Когда их глаза встретились в следующий раз, Кару отвела взгляд. Она привела Акиву в булочную на углу. Она еще была закрыта, но булочник продал им горячие батоны через окно — с медом и лавандой, только что из печи и еще дымящиеся в шелестящих коричневых пакетах. А потом Кару сделала то, что сделал любой умеющий летать, окажись он на улицах Праги в предрассветный час с пакетами горячей выпечки в руках.

Она поднялась вверх, жестом указав Акиве следовать за собой. Они приземлились на высокий, холодный купол кафедральной звонницы и, завтракая, наблюдали, как поднимается солнце.

* * *

Акива держался рядом с ней, наблюдая за тем, как развиваются ее влажные от утренней росы локоны. Кару ошибалась, решив, что ее способность летать не удивила его. Просто за много лет он научился подавлять свои чувства и эмоции. Во всяком случае, думал, что научился. Похоже, в присутствии этой девушки ни в чем нельзя было быть уверенным.

В том, как она парила по воздуху, была какая-то особенность. По-видимому, в этом была повинна магия, позволявшая летать без крыльев, лишь загадав желание. Желание, как он полагал, из запасов Бримстоуна.

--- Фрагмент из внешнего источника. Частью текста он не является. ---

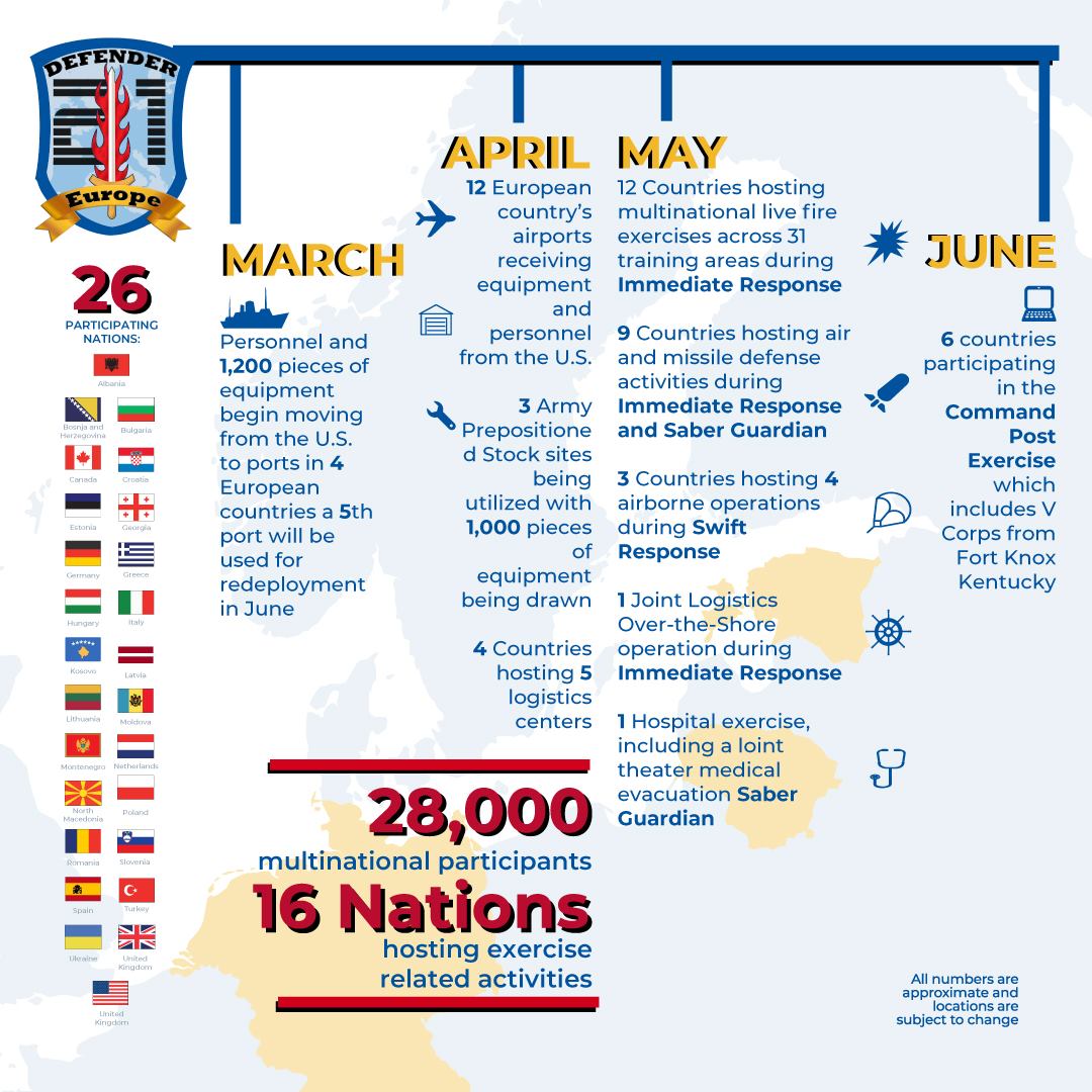 Komanda e Ushtrisë Amerikane në Europë (USAEUR) do të drejtojë paketën e stërvitjeve të koduar “Defender Europe 21” dhe pjesë e kësaj pakete do të jetë pjesëmarrja e forcave të vendeve aleate dhe partnere, si: Kanadaja, Bosnjë dhe Hercegovina, Kroacia, Greqia, Kosova, Mali i Zi, Maqedonia e Veriut, Britania e Madhe, Çekia, Hungaria, Rumania, Bullgaria, Gjeorgjia, Turqia etj.

Бримстоун. Мысль о чародее обрушилась, как чернильное пятно на фоне ясных мыслей о Кару.

Как могло нечто настолько грациозное, как полет Кару появиться благодаря магии Бримстоуна?

Они парили над случайными постройками, над рекой, направляясь в сторону замка, где, очутившись в самом его сердце, стали опускаться на собор. Этот храм был готическим уродцем, потрепанным, словно измученная скала, столетиями сражающаяся со штормами.